Assessment of water quality of groundwater, surface water, and wastewater using physicochemical parameters and microbiological indicators
Objective
Water quality plays a pivotal role in environmental health, with direct implications for ecosystems and human populations. This study offers a novel and comprehensive evaluation of four distinct water sources in northeastern Algeria raw wastewater (RWW), treated wastewater (TWW), Oued surface water (OSW) from Oued El Azzabi, and groundwater (GW) addressing a significant research gap in integrated water quality monitoring in semiarid regions. Unlike previous studies, this work integrates both physicochemical and microbiological indicators over a full annual cycle to assess the effectiveness of wastewater treatment and its environmental impact.
Methods
A cross-sectional analysis was conducted using monthly samples collected from January 2023 to January 2024. Physicochemical parameters such as pH, turbidity, electrical conductivity, nutrients, and organic matter (5-day biological oxygen demand), along with microbiological indicators (total coliforms, fecal coliforms, fecal streptococci, sulfite-reducing clostridia, and aerobic mesophilic bacteria), were assessed. The water quality index (WQI) was used to synthesize the results and evaluate the overall water quality across sources.
Results
TWW met national and international standards, demonstrating the effectiveness of the Ain Beida treatment plant.

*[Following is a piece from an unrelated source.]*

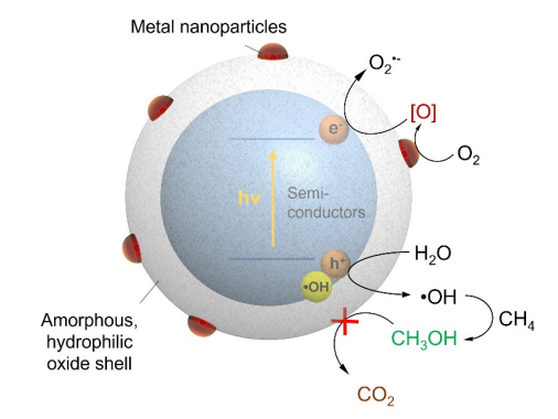 Structure of the new photocatalysts for methane partial oxidation at room temperature. The researchers have shown that enclosing photocatalysts with transport selective structures is a generalizable strategy to achieve high selectivity and activity simultaneously in photochemical alkane oxidation reactions. (image credit: the inventors)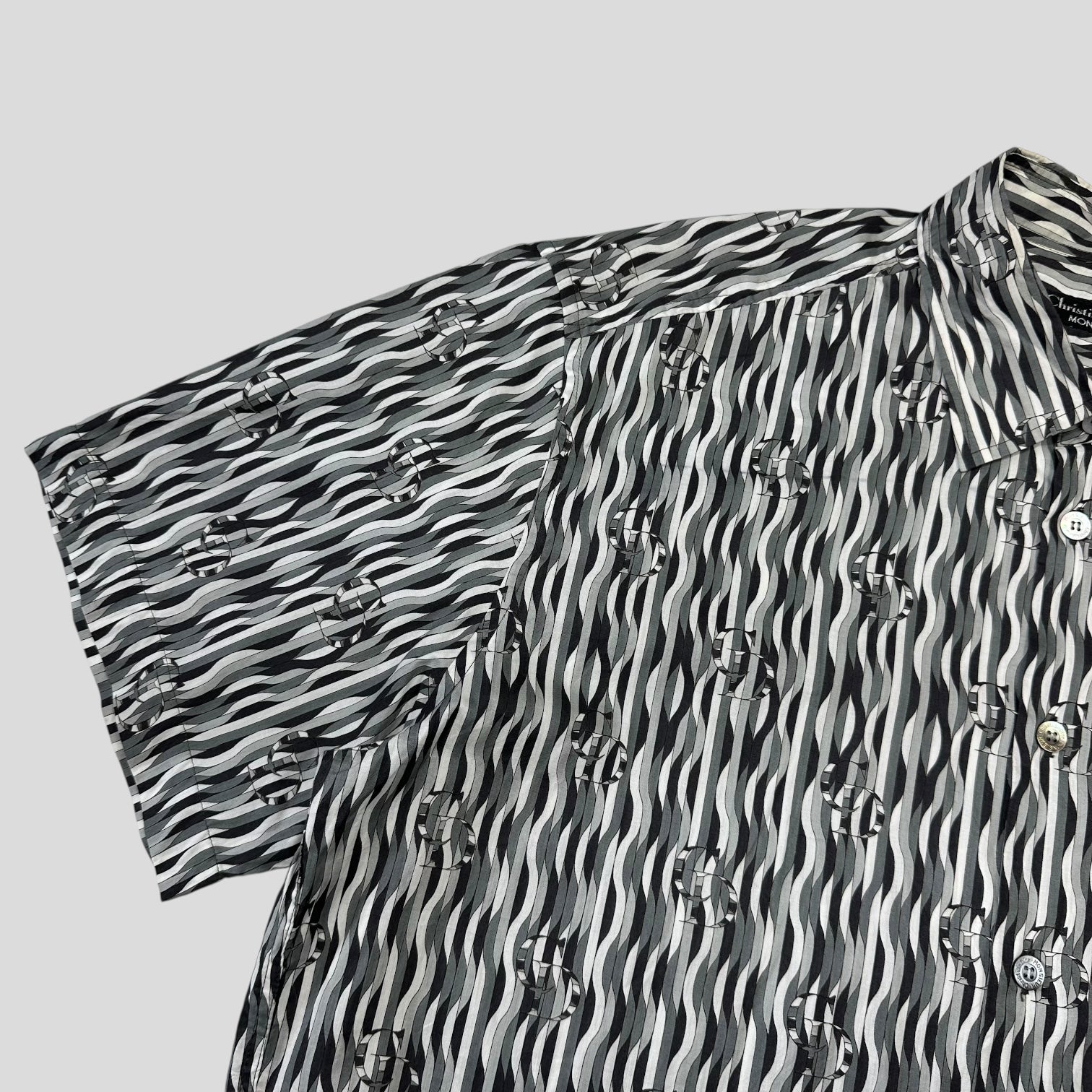 Very rare 1990’s Christian Dior optical illusion black white and grey pattern print shirt, unique print with CD spellout logos embedded in the print creating a 3D effect, branded embossed logos on buttons, lovely quality.

In contrast, RWW showed high contamination levels, highlighting critical health risks. OSW displayed seasonal pollution patterns, especially during summer, due to runoff and human activities. GW exhibited relatively stable quality but indicated persistent low-level contamination. The WQI scores confirmed these findings, offering a comprehensive overview of spatial and temporal quality variations.
Conclusions
This study contributes valuable insights into water resource management in semiarid regions, emphasizing the importance of systematic monitoring and effective wastewater treatment. The results highlight the need for adaptive management strategies and underscore the potential of TWW as a safe alternative for agricultural or industrial reuse. These findings serve as a foundation for policy development and future research in similar ecological contexts.